I was interested on mypy catching the errors. Therefore, TypedDict might be a better suitor, since mypy does catch errors when the objects are defined statically (ie not using metaclasses). Lets define a couple of new objects for the request object. One static and one dynamic:

from enum import Enum
from typing import Any, TypedDict


class ExternalAPIParams(TypedDict):
    menge: int
    farbe: str


class Parameters(Enum):
    quantity = "menge"
    color = "farbe"

PARAMETERS_TYPE_MAPPING = {
    Parameters.name: int, 
    Parameters.identification: str
}

DynamicTypedDict = type(
    "DynamicTypedDict",
    (TypedDict,),
    {
        "__annotations__": {
            p.value: PARAMETERS_TYPE_MAPPING[p] for p in PARAMETERS_TYPE_MAPPING
        },
    },
)

Testing

Lets run some test cases:

# Correct ExternalAPIParams (static case)
correct_ex = ExternalAPIParams(menge=22, farbe="rot")
print(correct_ex)
# Output: {'menge': 22, 'farbe': 'rot'}

# Wrong ExternalAPIParams (static case)
ex = ExternalAPIParams(menge=22, color="rot")
print(ex)
# Output: {'menge': 22, 'color': 'rot'}

# Correct DynamicTypedDict (dynamic case)
correct_dc = DynamicTypedDict(
    **{Parameters.quantity.value: 1, Parameters.color.value: "rot"}
)
print(correct_dc)
# Output: {'menge': 1, 'farbe': 'rot'}

# Wrong DynamicTypedDict (dynamic case)
dc = DynamicTypedDict(id=22, color="rot")
print(dc)
# Output: {'id': 22, 'color': 'rot'}

There are no exceptions raised at all.

Mypy Test

Mypy complains this time. Although only catches the bugs related to the buggy statically defined object:

ex = ExternalAPIParams(menge=22, color="rot")

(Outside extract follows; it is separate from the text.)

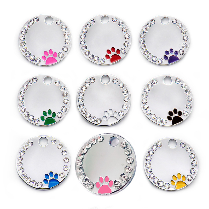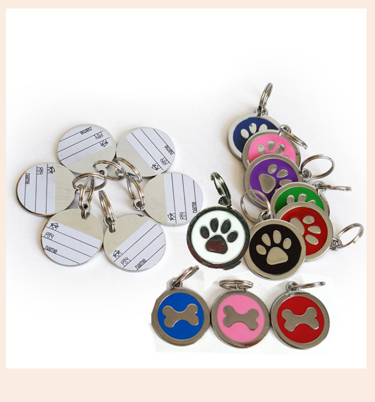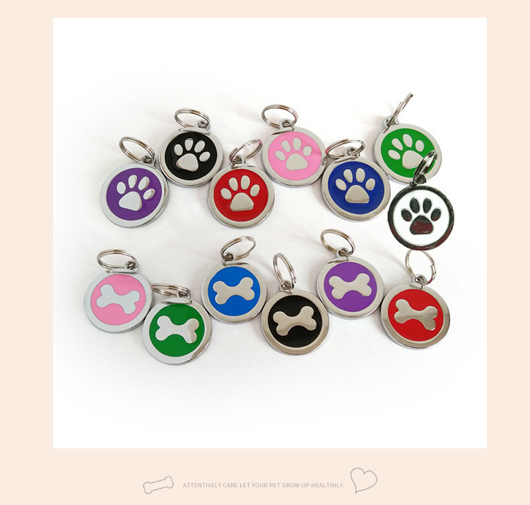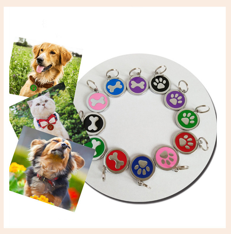 新しいペット用ネームタグ、丸型の足跡と骨のデザイン、猫用パターン、首輪タグ、迷子防止ID、刻印可能

the errors read as follow:

type_dict.py:48: error: Missing key "farbe" for TypedDict "ExternalAPIParams"  [typeddict-item]
type_dict.py:48: error: Extra key "color" for TypedDict "ExternalAPIParams"  [typeddict-unknown-key]

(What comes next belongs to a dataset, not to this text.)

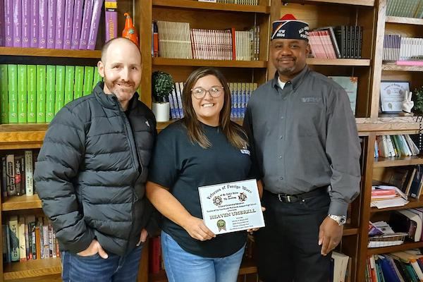 January 14, 2026 - Joaquin High School teacher, Heaven Umbrell recently received her VFW Post 8904 Teacher of the Year award for 2025-2026. On Monday, January 12, Post Commander Derrick Roberts presented her with a framed certificate and a check for $200. Also on hand was Joaquin High School Principal Jonathan Jones.

But there are no complains about the buggy dynamic case. This case isnt great either. It is nice that mypy catches the errors about the static built typeddict, after all this is exactly what mypy was built for. But mypy not catching the bug on the dynamically generated typeddict speaks against its use.

Note on python version

Running the TypedDict experiments I noticed two different results depending on the python version.

When using python 3.11, the interpreter throws an error when creating the dynamic metaclass. The error is:

TypeError: type() doesn't support MRO entry resolution; use types.new_class()

Learnings

  • Mypy is not able to catch errors when the models are defined dynamically.
  • Pydantic complains at runtime when a buggy object is built even if the model was dynamically defined.
  • TypeDict does not complain on runtime when generating a buggy instance, no matter if the model was statically or dynamically defined.

What should you use?

The decision depends whether you want to throw an error at runtime or not.

Should you do this?

By this I mean define models dynamically to raise errors on the static type checker. And my answer is: probably not.

Using metaclasses adds complexity to the code, and as it has been seen, on the case of TypedDict based models, mypy reliability is degraded.

I realized this was a bad idea trying to explain to a colleague what I was aiming for. I put it this way: I am trying to dynamically define models to raise errors on the static type checker of a dynamically typed language.